385. Governments and corporations often borrow money, and as evidence of their indebtedness issue certificates payable at or before some stated time, with interest payable annually, semi-annually, or quarterly. These interest-bearing notes, or government securities, are called bonds.

386. Coupons are certificates of interest attached to a bond, which as they fall due are cut off and given up to the payer on receipt of the interest.

387. Bonds are usually named according to their yearly rate of interest and date of maturity; as U. S. 4's 1907, which means United States Bonds bearing 4% interest annually and payable in 1907; U. S. 41's '91, which means United States Bonds bearing 41% interest annually and payable in 1891; Boston and Albany 6's '95, Union Pacific 6's. The interest on bonds is generally payable semiannually. But on most of the U. S. bonds the interest is payable quarterly.

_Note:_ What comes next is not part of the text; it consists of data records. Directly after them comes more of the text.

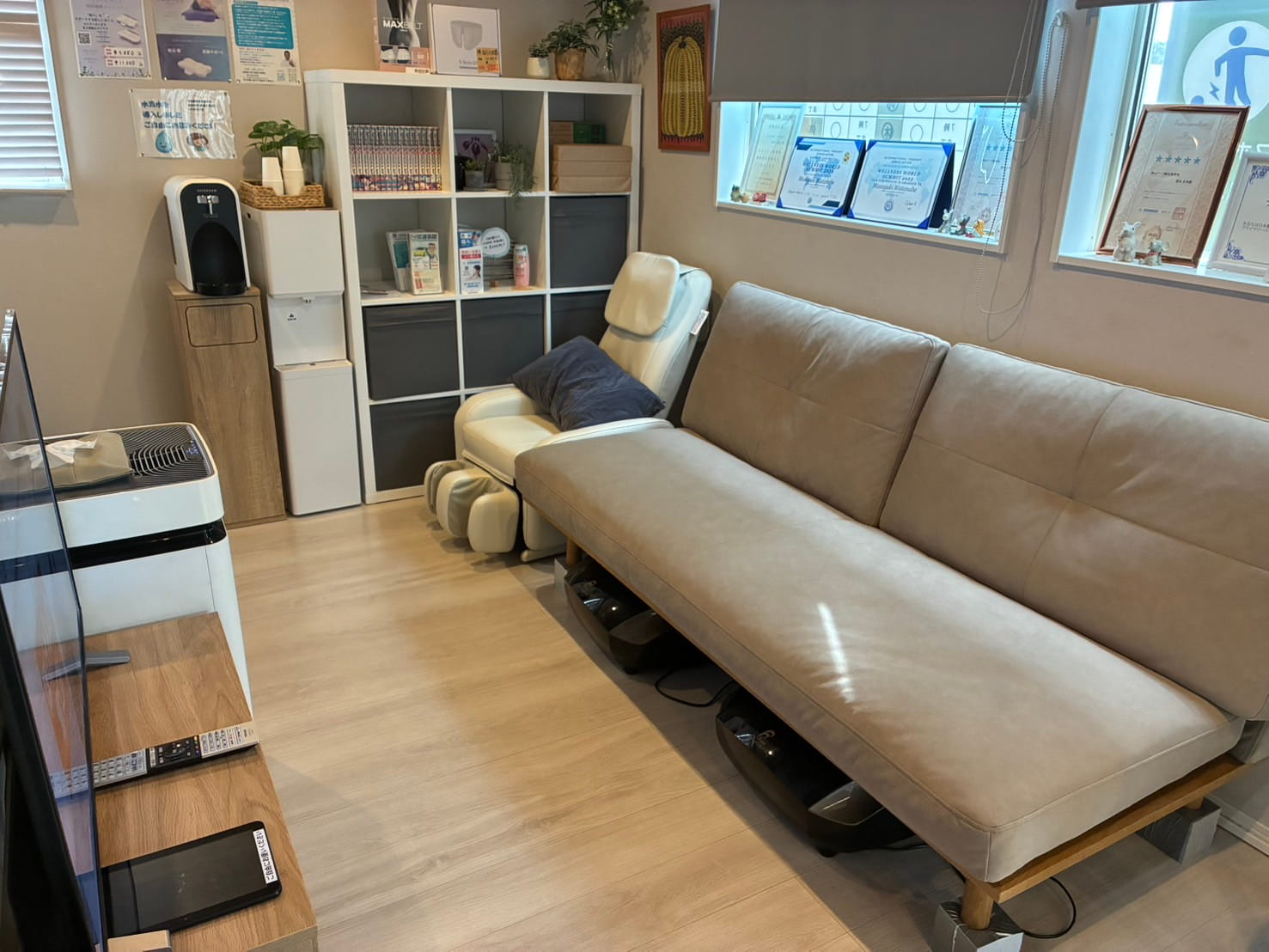 症状の早期回復の為に物療機はとても大事な要素になります。また、院内を清潔に保ち、ハイスペック空気清浄機やアルコール消毒等でウイルス対策もバッチリ行なっておりますので、安心して通っていただけるかと思います。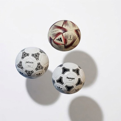 Versiones miniatura de las icónicas pelotas Tango (Argentina 1978), Jalisco (México 1986) y Al Hilm (usada en la Final de Qatar 2022).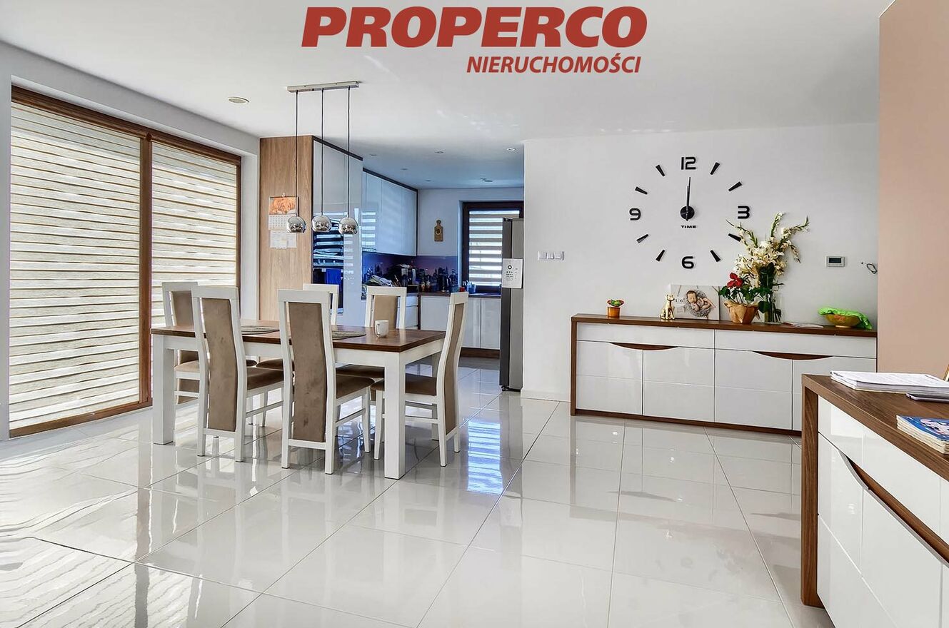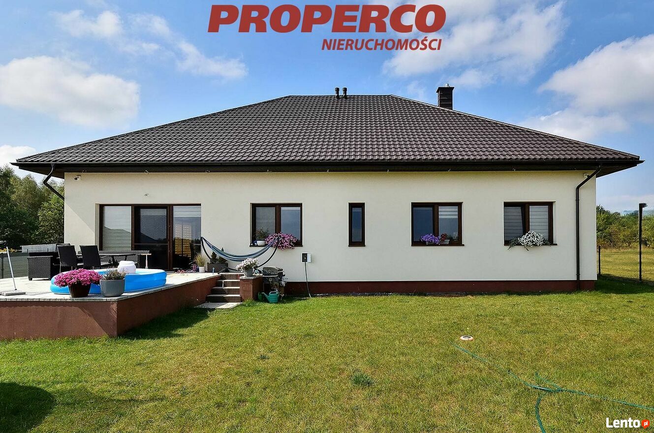 Na sprzedaż 5 pokojowy nowoczesny, energooszczędny dom o pow. użytkowej 152,55 m2 (pow. zabudowy 254,41 m2, pow. całkowita z tarasem 261,39 m2) zlokalizowany na działce o pow. 1279 m2, w miejscowości Piaseczna Górka w gminie Morawica.Dom oddany do użytku w styczniu 2023 r, wybudowany w energooszczędnej technologii z pustaka ceramicznego Porotherm25, okna trzyszybowe. Dach kryty blachodachówką. Ogrzewanie podłogowe piecem gazowym , ocieplenie ścian zewnętrznych - styropian 20 cm.

388. Bonds, like stocks, are regularly bought and sold at the Brokers' Boards and at auction. The sum to be paid to the holder of a bond on its maturity is the face value, or 100 %, but bonds are generally bought and sold previous to maturity, at a premium, or discount, which depends upon the value of money, the time to elapse before the principal is due, the credit of the maker of the bond, etc.

389. The rules of percentage already given apply to bonds and exchange.